Case | HBS Case Collection | January 2001

Valuing Project Achieve

by Mihir A. Desai and Kathleen Luchs

Abstract

Project Achieve is a start-up providing information management solutions for schools. Its founders see a need for software both to manage the volumes of information necessary to administer a school and to connect parents, teachers, and students in a more effective way. Originally funded by angel investors, Project Achieve is raising its first formal round of financing and needs to establish a firm valuation. This case outlines the economics of the business and provides the necessary background figures to build the business model and arrive at a valuation. Explores quantitative considerations of venture financing: 1) value neutrality of equity issuance is illustrated; 2) cost of capital is computed from raw return series, and the appropriate discount rate is selected based on comparables; 3) decision trees are used to highlight the importance of probabilistic thinking; and (4) subscriber models are compared with annual free cash flow models both for determining financial value and as decision-making tools for business choices.
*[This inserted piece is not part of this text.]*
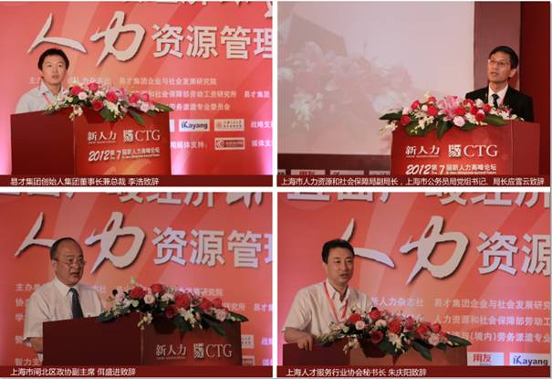 2012年9月6日,由《新人力》杂志社、易才集团企业与社会发展研究院主办,中国劳动学会、中国人力资源和社会保障部劳动工资研究所、易才集团(CTG)协办,中国劳动学会劳务经济与(境内)劳务派遣专业委员会提供学术支持的以“以直面严峻经济形势 人力资源管理创新与变革”为主题的2012第七届新人力高峰论坛在上海隆重拉开帷幕。上海市人力资源和社会保障局副局长、上海市公务员局党组书记局长应雪云、上海市闸北区政

In addition, provides a setting to discuss the more qualitative issues involved in choosing investors. In particular, the founders are comparing two options: an infusion of additional capital from current and new investors or an investment from a potential strategic partner. Each option has very different implications for the direction of the business going forward.

Keywords: Business Startups; Valuation; Venture Capital; Cost of Capital; Cash Flow; Forecasting and Prediction;

Citation:

Desai, Mihir A., and Kathleen Luchs. "Valuing Project Achieve." Harvard Business School Case 201-080, January 2001.